Because the file can grow, and the pager might hold multiple overlapping maps to the same file, we only allow pointers to the data file in the scope of a transaction. That ended up being a very good thing, since this enabled us to build a pager that could work in 32 bits mode. Instead of mapping the entire file, we’ll map just the pages that are required, and only for the duration of the transaction, after which we can unmap everything.  The idea is that we’ll only have the data that we are actually using mapped, so we’ll save a lot of address space.

That was the theory, at least, in practice, we run into several interesting issues.
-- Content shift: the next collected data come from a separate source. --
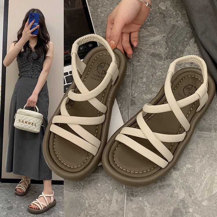 Rom mit Römersandalen Damen 2025 Sommer neu offen vielseitig Strand Plateau superweich schwarz Außen-Sandalen
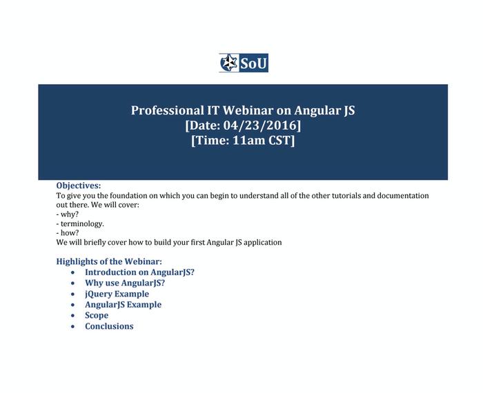 Professional IT Webinar on Angular JS
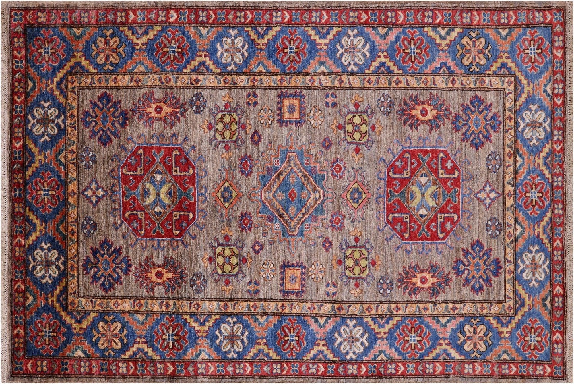 3' 10" X 5' 10" Super Kazak Hand Knotted Wool Rug - Q7507
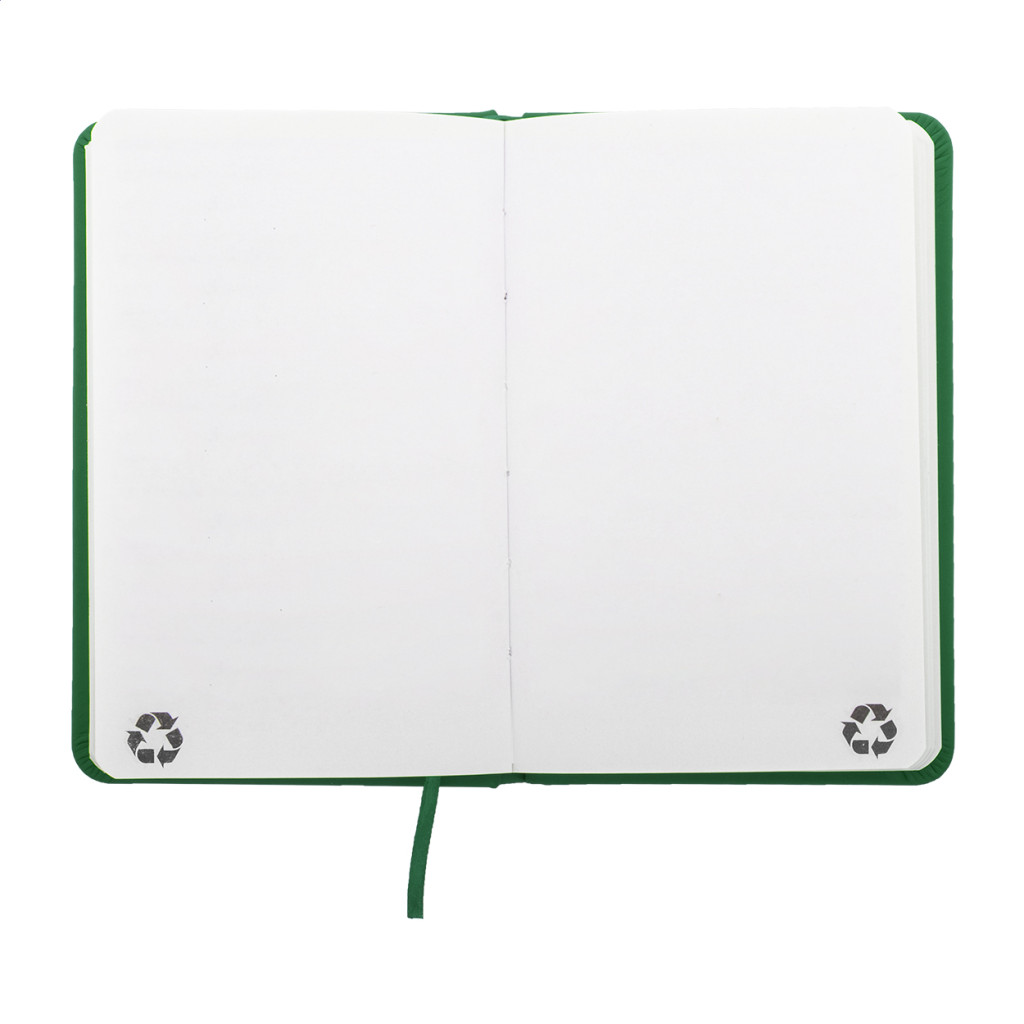 Úrahasznosított PU bőr borítású jegyzetfüzet újrahasznosított papírból készült 100 sima lappal. Hozzáillő színű gumipánttal és könyvjelzővel. A6 méretű.
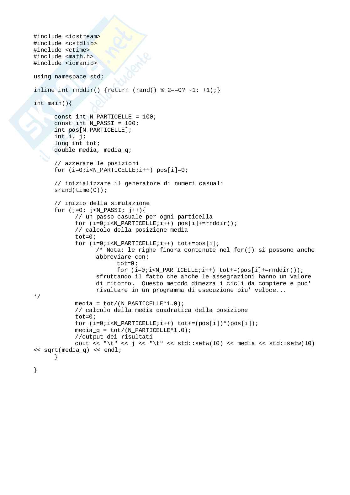 Se invece di una particella si fanno evolvere - indipendentemente - N particelle, ad ogni istante si dispone di un campione statistico (piu' ampio e', piu' accurata e' la simulazione) di cui calcola:
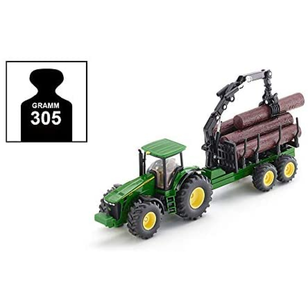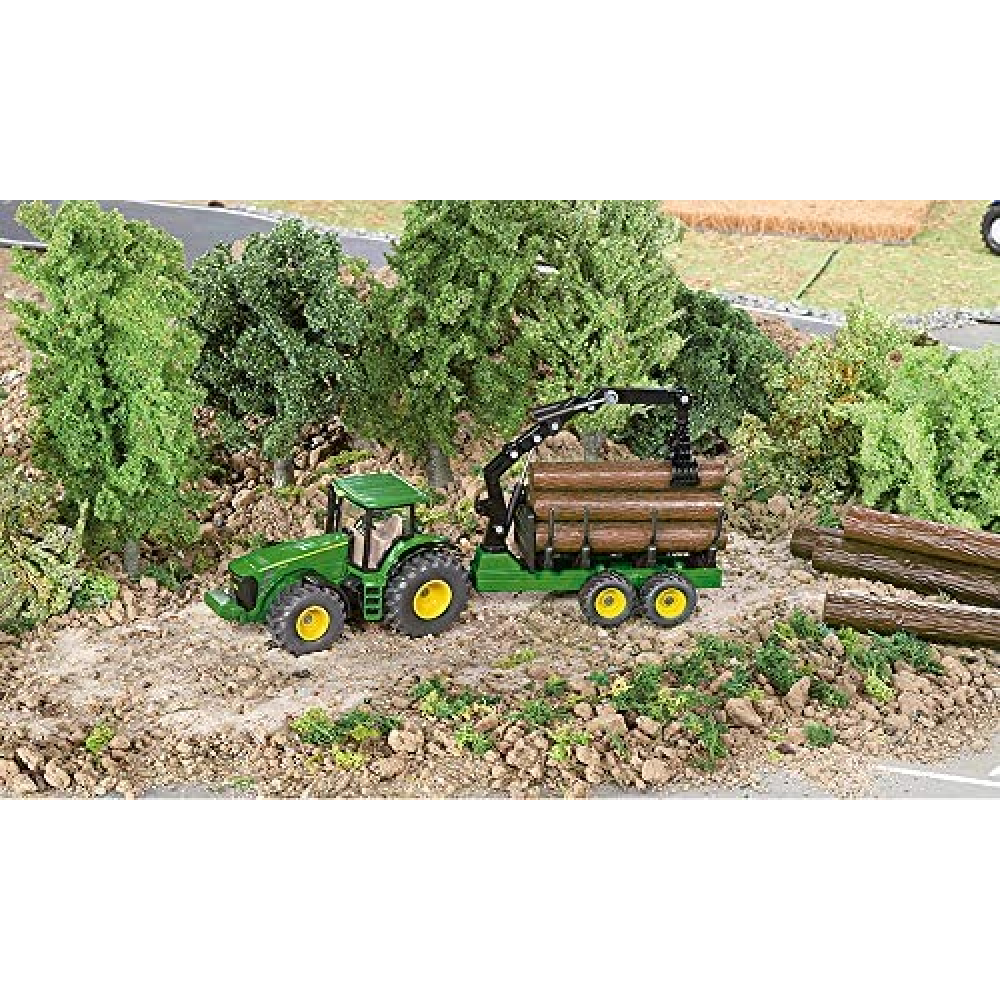 De imposante John Deere 8430 met een bijpassend gekleurde boomstamaanhangwagen is zeer geschikt voor zwaar werk in het bos in de kinderkamer. De tractor en het aanhangermodel zijn eenvoudig uitgevoerde, robuuste, voordelige en optisch uitstekende stukken speelgoed op een kindvriendelijke schaal om mee te spelen. De boomstamaanhangwagen, met beweegbare kraan en grijper, is geschikt om de bijgeleverde kunststofboomstammen net als in het echt te kunnen verladen. Geschikt voor kinderen vanaf 5 jaar.
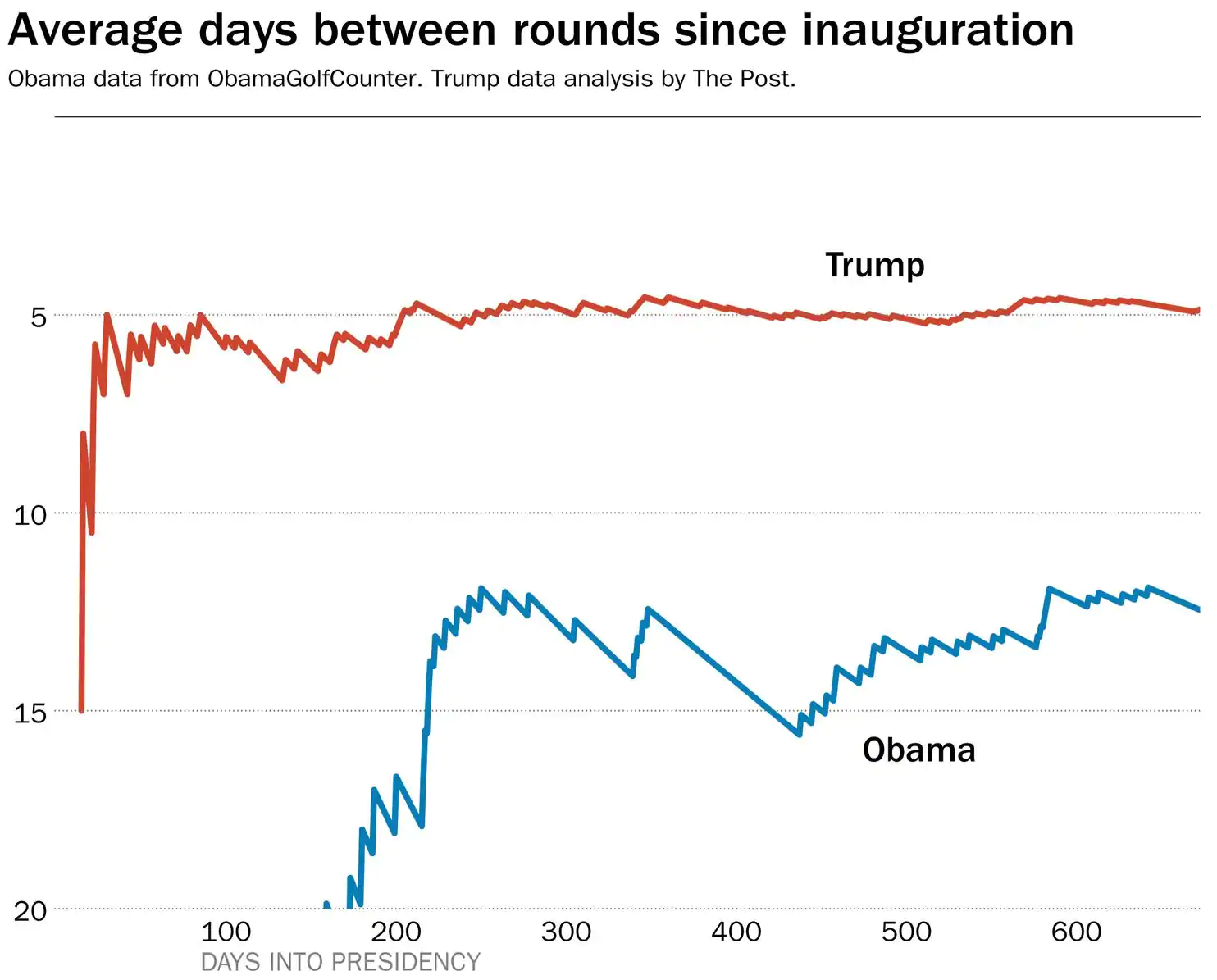 “I’m going to be working for you. I’m not going to have time to go play golf,” Trump said at a rally in August 2016. That was true for about two weeks.

  • We want to reduce the number of system calls we make, and the allocation granularity in Windows in 64KB, so we always need to map at least that much, instead of mapping 1 page at a time.
  • A value may actually be longer than 64KB, or not be aligned on 64KB boundary.
  • Transactions are concurrent, and are typically need to access the same areas (the top branches in the B+Trees we use, for example).

The end result is that we map in multiples of 64KB (on both Windows & Linux), and we check, based on the actual data, whatever we need to remap the data if it is more than is allocated in the current block. We are also sharing all the maps among all the concurrent transactions, to reduce the total amount of virtual address space we are using. This is a bit hard to do concurrently & safely, so we are racing it. In most cases, we’ll have a single mapping, but it is fine to map the same section twice from different transactions (there can only ever be a single write transaction, so all the others are just reading, and never from the same memory that the write tx is writing to). The alternative would have been to use a more invasive locking, and the performance cost isn’t worth it.

Once we got this working, we were most of the way there, but there were still a lot of reversed optimizations that we had to do. For example, in 64 bits mode, it make a lot of sense to try to pre-allocate data in advance to maintain locality, and as the data we dealt with became larger, so would our pre-allocations. But those would end up being around 32MB of data that we pre-allocate (so we need to prepare and touch all of it), and under load, it was actually one of the more common cases for failures due to fragmentation of the address space, because it would allocate (1MB, 2MB, 4MB, 8MB, 16MB, 32MB) and we had many such operations cutting the address space into fine bits.

Another location that cause us problem was with indexes, where we allocated a 16MB range for bloom filter. Made perfect sense to optimize things in 64 bits, but in 32 bits mode that is a huge chunk of my address space that I’m giving up. In both cases, we drastically reduced the sizes involved (to 64KB in the case of the bloom filter, and a max pre-allocation of 1 MB).

Another thing that was actually in our favor is that our memory usage is already policed quite carefully.  We didn’t do that intentionally for 32 bits, we did that because memory allocation is so expensive, but because we rarely ask for memory from the OS, and because we are typically reuse buffers, we were pretty much already there in terms of proper behavior of the system in 32 bits mode. The CLR is also pretty good about allocation in large sections from the OS and being able to move memory around to avoid internal fragmentation.

Overall, it works, we have tested that on the Stack Overflow dataset, and it is quite amazing to see it (you can see it chugging along, using anything between 300 MB – 600 MB as it is inserting 60+ GB of data). It is obviously less efficient than the 64 bits version, but given that we are so much faster in 4.0, I don’t think that anyone will actually notice, and if they do… Well, that is why we have hardware built in this decade.

There were other places where we had to take into account the 32 bits nature of the system, in which we actively undermined previous optimizations. Instead of allowing transactions to merge as much as possible to reduce I/O, we placed a hard limit on how much data can be accessed or modified by a transaction before we force it to commit. The same goes for indexing, instead of letting batches to run as long as we would usually like them, address space considerations forces us to reduce the batch size to account for how much address space is used in the current batch, and close it early (freeing up the address space for other uses).

The overall process is very unpleasant, because things that I would consider to be obvious and easy are suddenly so much harder than I would expect them to be.